My specialty head for nature is a Wimberely II.

On a monopod I detest ball heads.  Mostly because many new users don't understand the purpose of the monopod as the third leg of a tripod system consisting of the photographer and the monopod.  They want to shoot in portrait mode what do they do????  Flop the ballhead to the side putting the weight on the side of the monopod completely throwing off the balance.  

Instead I use a RRS tilt head again with an Arca-swiss QR head and and L bracket on my camera body.  I can tilt forward and backwards and shoot in landscape or portrait mode with the body directly over the monopod.  

The setup I would like to have if I was shooting a lot of fashion, portraits, weddings etc would be one that I learned from an LA fashion photographer which consists of the RRS tilt head and a Custom Bracket camera rotater.  It allows for any angle of shooting imaginable.  But pricey.


----------



## Joves (Jul 19, 2009)

For me and the monopod I stick it in rock creavices and piles or against a leaning tree as well as using it for a third leg. I use it as my back country support. My tripods are too heavy for repelling and, scurrying around some of the canyons. My tripod is for nicer areas and, when I can setup for wildlife shots.


----------



## PhotoXopher (Jul 19, 2009)

Make it easy on yourself, just buy the one I have for sale and save money to boot


----------



## CxThree (Jul 19, 2009)

+1 for the 488 RC2.  I have it on the 055XProB legs and love it.


----------



## tirediron (Jul 20, 2009)

I'm with Gryphon on this. Both of my "main" tripods have ball heads; a Manfrotto 468 and 488 respectively. I've got a couple of Tilt/pan heads as well, but they rarely see the light of day. As for a ball head on a monopod?

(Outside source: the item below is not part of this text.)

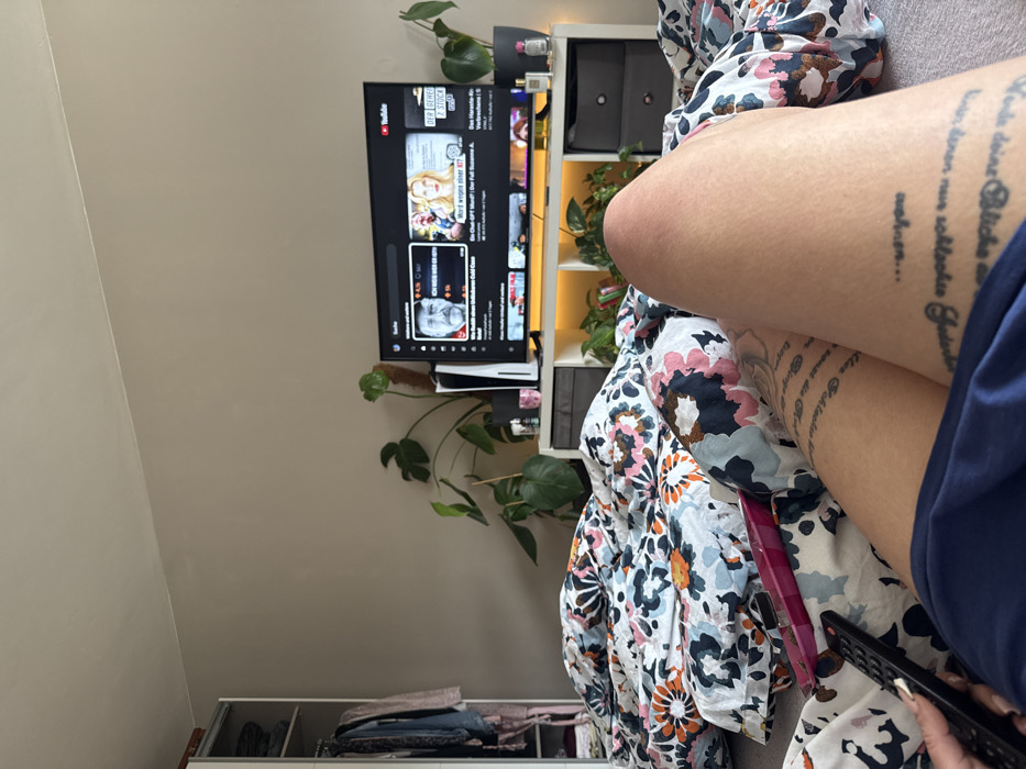 The image displays an indoor residential setting, likely a bedroom, captured from a reclining perspective on a bed. In the foreground, the lower legs of an individual are visible, clad in dark blue shorts, with both thighs exhibiting extensive dark-ink text tattoos in German. The person's right hand, with manicured fingernails, holds a black television remote control. The bed is covered by a duvet featuring a floral and abstract pattern in shades of blue, orange, pink, and white. Directly opposite the bed, a large flat-screen television is central, displaying the YouTube interface with German-language content. Visible video titles include "Wer war's bei einem unfassbaren Cold Case" and "Ein Chat-GPT Mord? Der Fall Susanne A.". The television rests on a white modular shelving unit that serves as a media console. A white PlayStation 5 console stands vertically to the left of the television. The shelving unit contains several potted green plants, including a large Monstera plant to the left of the TV and smaller plants within illuminated shelf compartments featuring warm-toned LED strip lighting. Dark gray storage boxes are placed in some of the shelf cubbies. Various small objects, possibly decorative items or personal care products, are also arranged on the shelves. To the far left, a white open wardrobe is visible, containing hanging clothes and folded garments. The walls of the room are painted a plain, light beige. The image itself does not contain any visual cues or identifiable landmarks to confirm a specific location within the city of Bad Nauheim, Germany. The German language content on the television is consistent with a location in Germany.

Ummm... WHY?????


----------



## Bravotwofive (Jul 20, 2009)

tirediron said:


> I'm with Gryphon on this. Both of my "main" tripods have ball heads; a Manfrotto 468 and 488 respectively. I've got a couple of Tilt/pan heads as well, but they rarely see the light of day. As for a ball head on a monopod? Ummm... WHY?????


 
Stability, less camera shake. Even if you don't tighten down the ball completely it allows for freedom of movement, and a stabil shooting platform. Works really well when shooting fast action.


----------



## Joves (Jul 20, 2009)

Bravotwofive said:


> tirediron said:
> 
> 
> > I'm with Gryphon on this. Both of my "main" tripods have ball heads; a Manfrotto 468 and 488 respectively. I've got a couple of Tilt/pan heads as well, but they rarely see the light of day. As for a ball head on a monopod? Ummm... WHY?????
> ...


 Thank you!


----------



## Sn00bies (Jul 21, 2009)

gryphonslair99 said:


> Here are a couple of nice head in the same price range that is well built that has all the feature of the 488 with a friction control knob.
> Vanguard SBH-200 Welcome to Vanguard USA
> 
> Giottos MH 100 is in the same range I believe.
> ...



These heads look great actually... far more impressive than the ones I've seen so far.  I'm guessing even though they're not Manfrotto, they're a universal fit to Manfrotto's legs?  I'm not familiar with whether or not different companies have proprietary heads or not...?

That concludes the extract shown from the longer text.